Ceramics Exhibit Opens at Sheffield Historical Society09:53AM / Thursday, July 09, 2009
SHEFFIELD, Mass. - The upcoming exhibit at Sheffield Historical Society, "Clay-town," Sheffield Ceramics Exhibit, which will relate local history to early American ceramics, will run Saturday, July 18-Sunday, September 13, 2009. There will be an opening reception in the Gallery at the Old Stone Store on Saturday, July 18, 1 to 3 pm.
In 1866 the Sheffield China Clay Company was established in Clayton (hence the name) to capitalize on the fine, soft white clay beds in the southeastern part of the town. Clay production was already a thriving industry, and the Sheffield beds were mined for the manufacture of pottery and firebrick. According to a June 7, 1866 Berkshire Courier news article, the bank where the clay was obtained was "the largest deposit of any similar substance in America, and there is but one other clay bed, which is at Brandon, VT, though that is a mixture of yellow ochre and clay together." Based on the purity of the clay and plentitude of the pit, the article concludes that the production "may already be considered among the surest and most important in Berkshire County."

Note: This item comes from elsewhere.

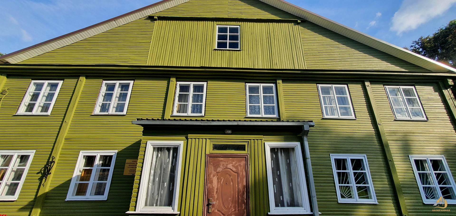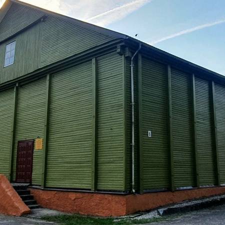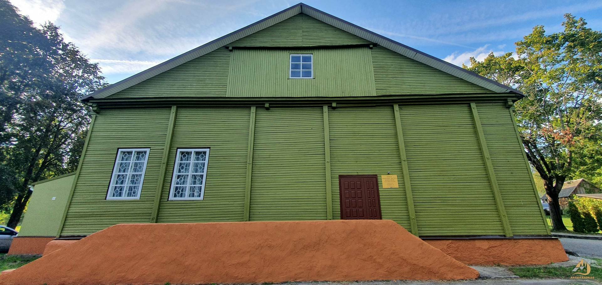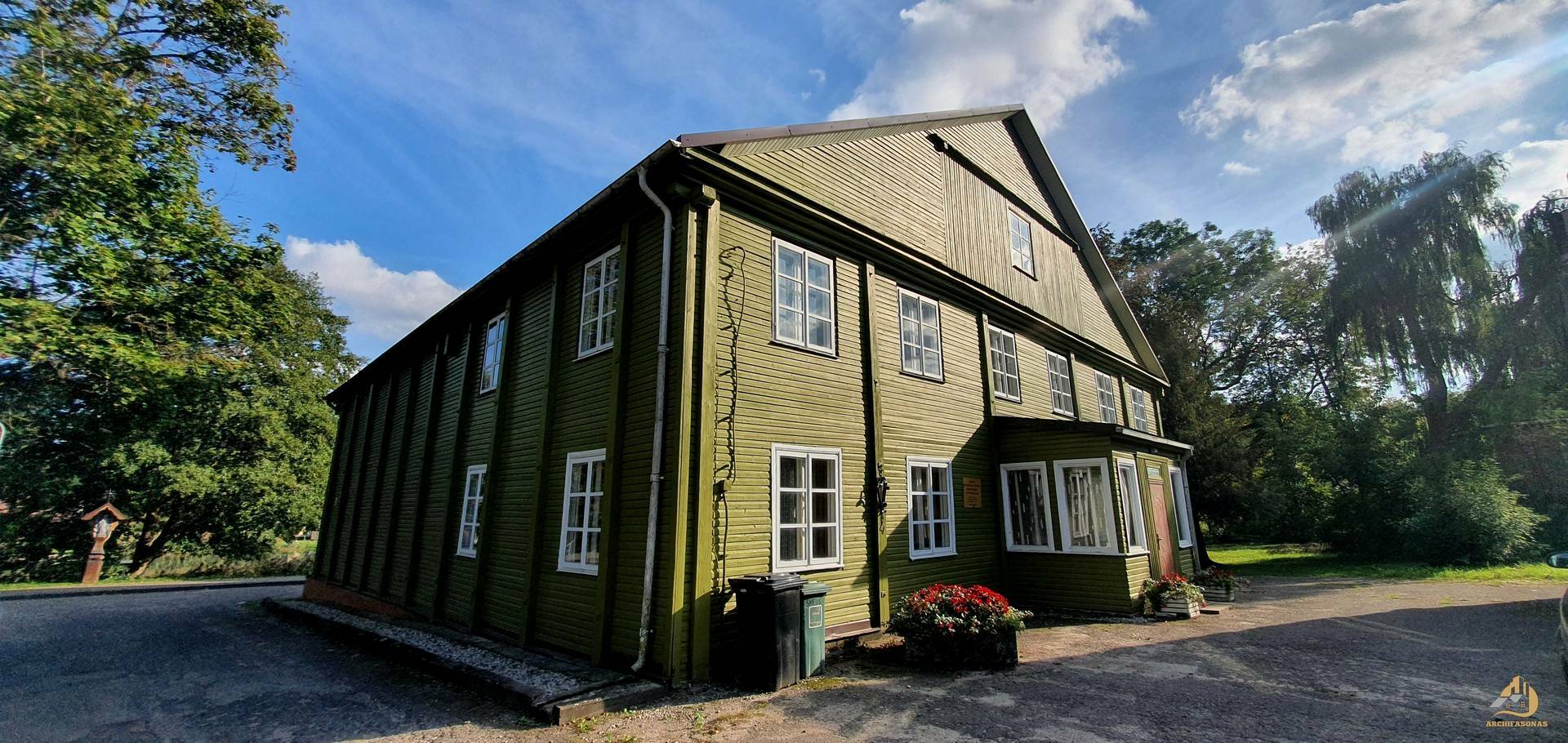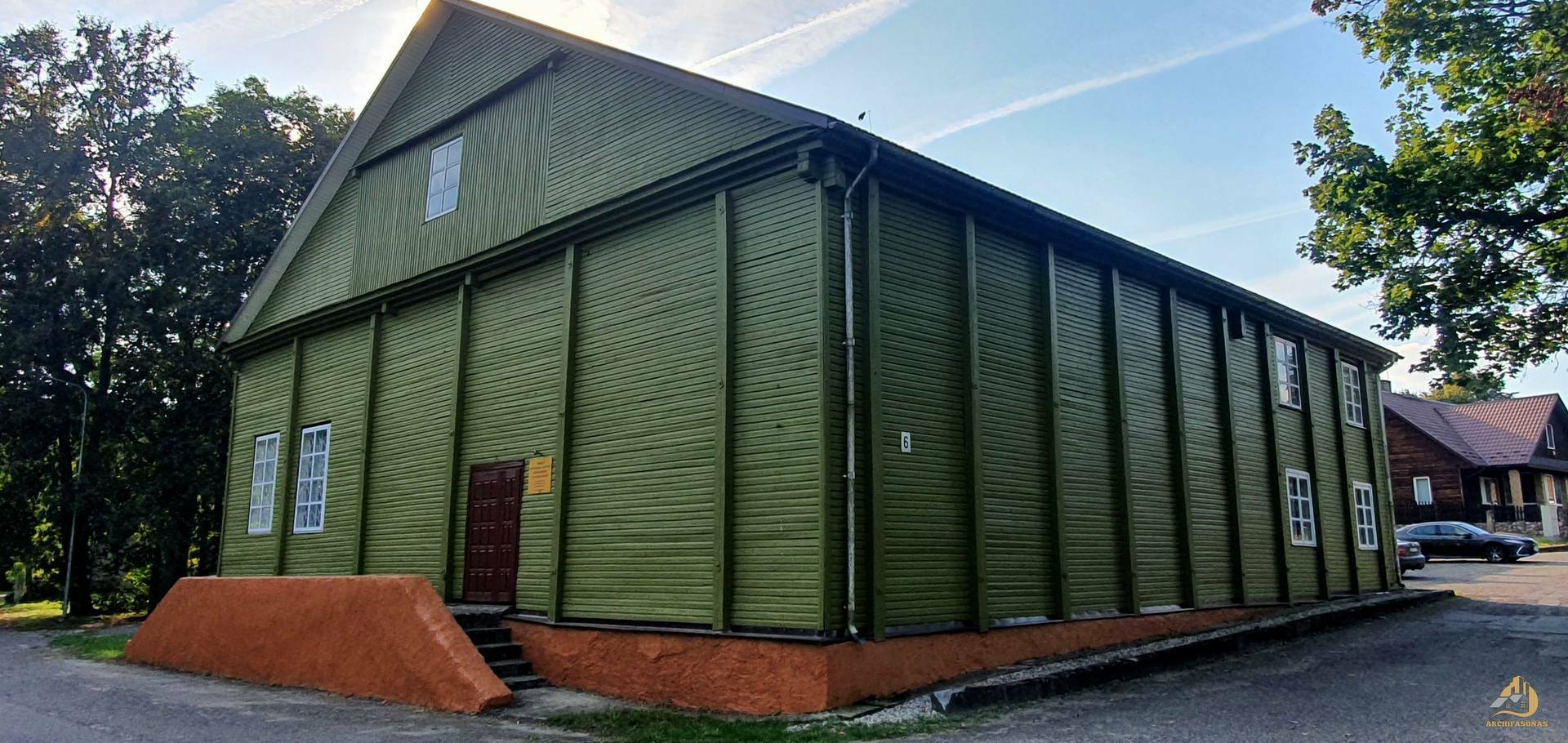in 1748 with the first synagogue in Veisiejai, the history of local synagogues began - fire after fire and one synagogue was always replaced by another in the same place. The current wooden synagogue that has survived here was built in 1927. on the shore of Lake Ančias has almost kept its original form until today. The green-painted two-story building with a veranda-like porch and 12 large windows marking part of the former worship hall is a unique memory of the once multicultural town of Veisiei. The building itself has conditionally retained its function as a house of prayer - since 2004. a Baptist church meets here.

White clay, china clay, or kaolin produced by the company had many applications, including crockery, firebrick, decorated tile, terra cotta or clay caps for marble pillars on buildings, and an especially fine grade of clay for papermakers, for both filling and coating paper. Architecturally, the work has been traced to the concrete walls of several New York Banks, a large building in Norwalk, CT made with Clayton's terra cotta products, and the capping of the marble columns of Pennsylvania Station.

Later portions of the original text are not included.